**Directions**
No pictures belong in the result; set down exactly the lines from the one containing "Blue Casual Men's" through the final line of the listing, and nothing more.
· · · · ·
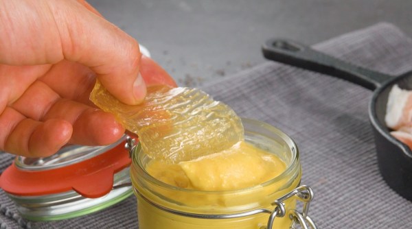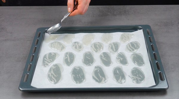 - A l'aide d'une cuillère, déposez la gélatine de pomme de terre sur une plaque à pâtisserie recouverte de papier sulfurisé et laissez les chips sécher au four pendant 4 à 6 heures à 50 °C.
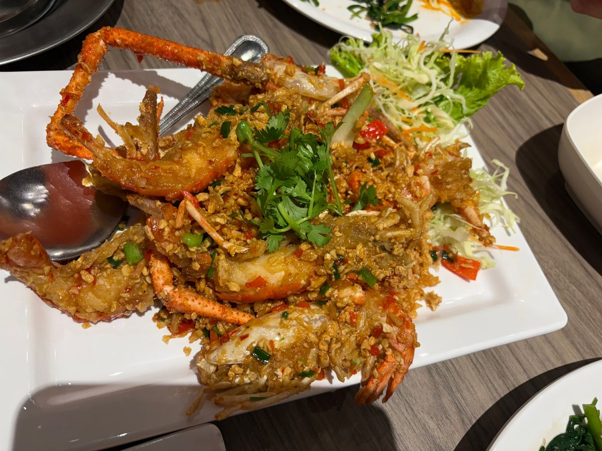予約時間の5分前に到着。待っている人が沢山いました。バウチャーを見せるとそのまま予約席に案内されました。料理は蟹をほぐしたプーパッポンとカニチャーハンと川エビの蒸した物をいずれもSサイズで頼みました。女性2人で丁度良かったです。プーパッポンは日本でたべる物より甘かったです、おそらくこれが本場の味なのかなと。他にも食べたい物がありましたが大人数でこないと残念ながら無理そうです。
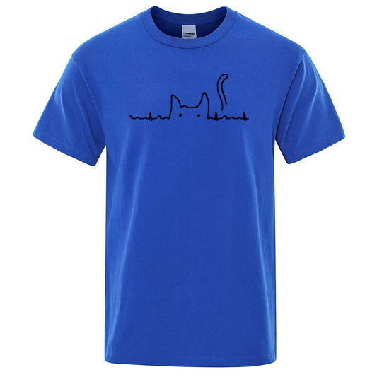 Blue Casual Men's T-Shirts Cat Cute Printed Summer Cotton O-Neck Short Sleeve Top Tee T-shirts
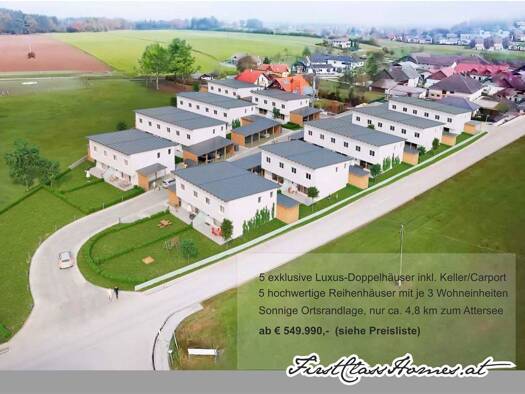 Neubau-Erstbezug, wenige Kilometer vom Attersee entfernt: 120m² Wohnfläche, 3 Schlafzimmer, Balkon, 20m² Terrasse, Wärmepumpe, Fußbodenheizung,... ca. 460 m² Grundstück belagsfertig, HWB 36 angeboten...
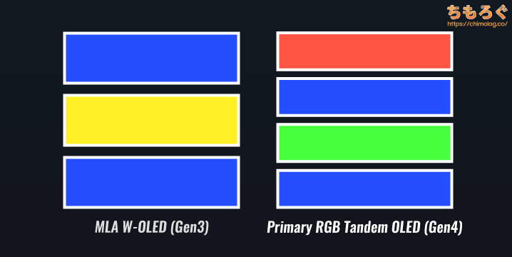 LG DisplayはBGBR発光層を用いた力技で、QD-OLEDに匹敵する画質と、QD-OLEDを超える「汎用性」を実現しました。技術的マイルストーンです。
· · · · ·
**Output below**
 Blue Casual Men's T-Shirts Cat Cute Printed Summer Cotton O-Neck Short Sleeve Top Tee T-shirts
 Neubau-Erstbezug, wenige Kilometer vom Attersee entfernt: 120m² Wohnfläche, 3 Schlafzimmer, Balkon, 20m² Terrasse, Wärmepumpe, Fußbodenheizung,... ca. 460 m² Grundstück belagsfertig, HWB 36 angeboten...
 LG DisplayはBGBR発光層を用いた力技で、QD-OLEDに匹敵する画質と、QD-OLEDを超える「汎用性」を実現しました。技術的マイルストーンです。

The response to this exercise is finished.